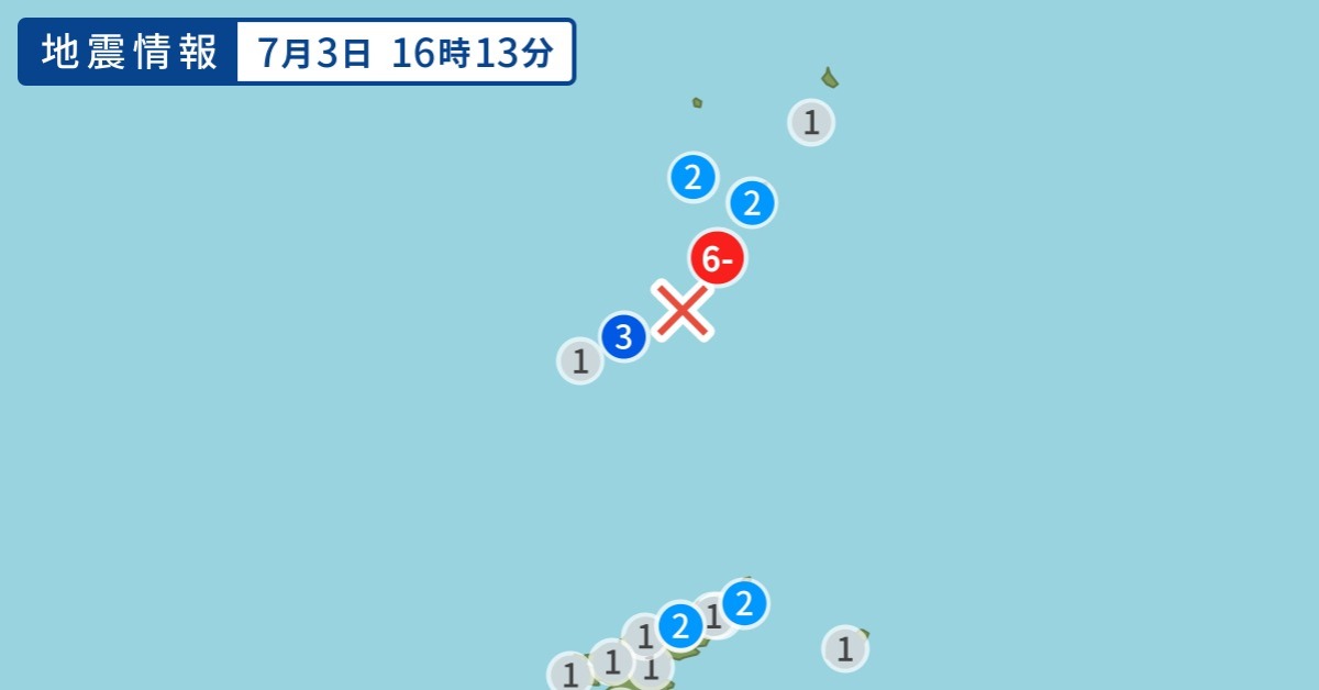 日本鹿兒島近期不斷發生地震,13天內就狂震超過1000次,創下當地史上紀錄。台北時間今(3)日下午3點13分,鹿兒島外海又發生地震,推估規模5.5,鹿兒島十島村的惡石島測得最大震度6弱,是自1919年以來首度觀測到這麼大地震,驚動日本政府跟氣象廳召開緊急記者會,呼籲民眾提防。日本也把設在首相官邸的聯絡辦公室,升級為官邸緊急應變室,積極應對。
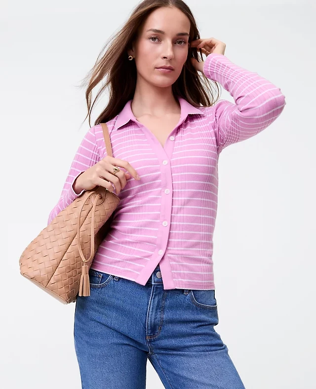 Ann Taylor Weekend Collection Striped Relaxed Perfect Shirt Blush Haze Women's
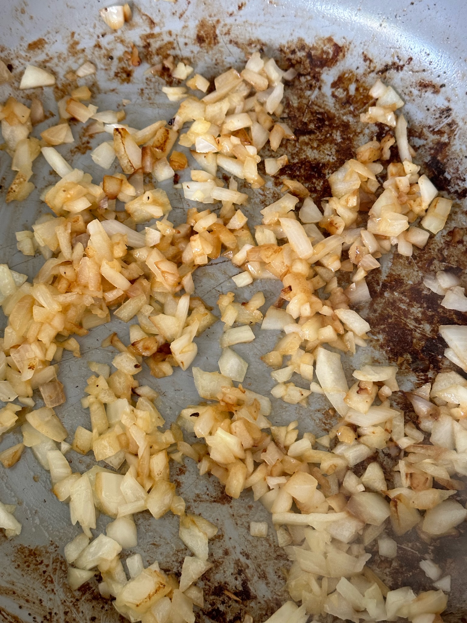 Dice your onion and chop your broccoli florets into even-sized pieces. Set aside to cook after your chicken!
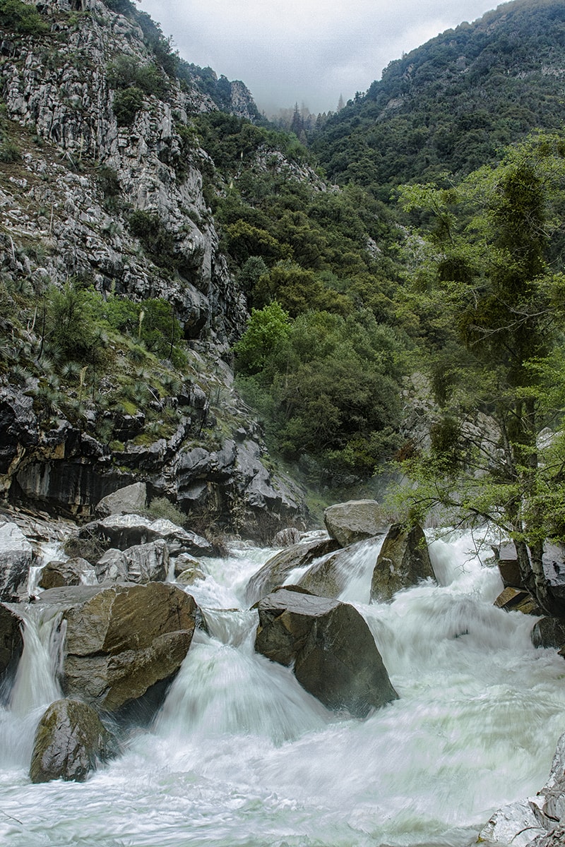 Although the moist morning fog had followed us into the park , nothing could detract from the utter beauty of overlooking the Kaweah River valley. Hearing the roar of the powerful river is the first indication you’ve made it.

● ● ● ● ● ● ●

• WHAT TO DO:
Please transcribe the lines from the one containing "Dice your onion" to the last line of the listing, both included, exactly and with nothing added, leaving every picture out.

• WRITTEN ANSWER:
 Dice your onion and chop your broccoli florets into even-sized pieces. Set aside to cook after your chicken!
 Although the moist morning fog had followed us into the park , nothing could detract from the utter beauty of overlooking the Kaweah River valley. Hearing the roar of the powerful river is the first indication you’ve made it.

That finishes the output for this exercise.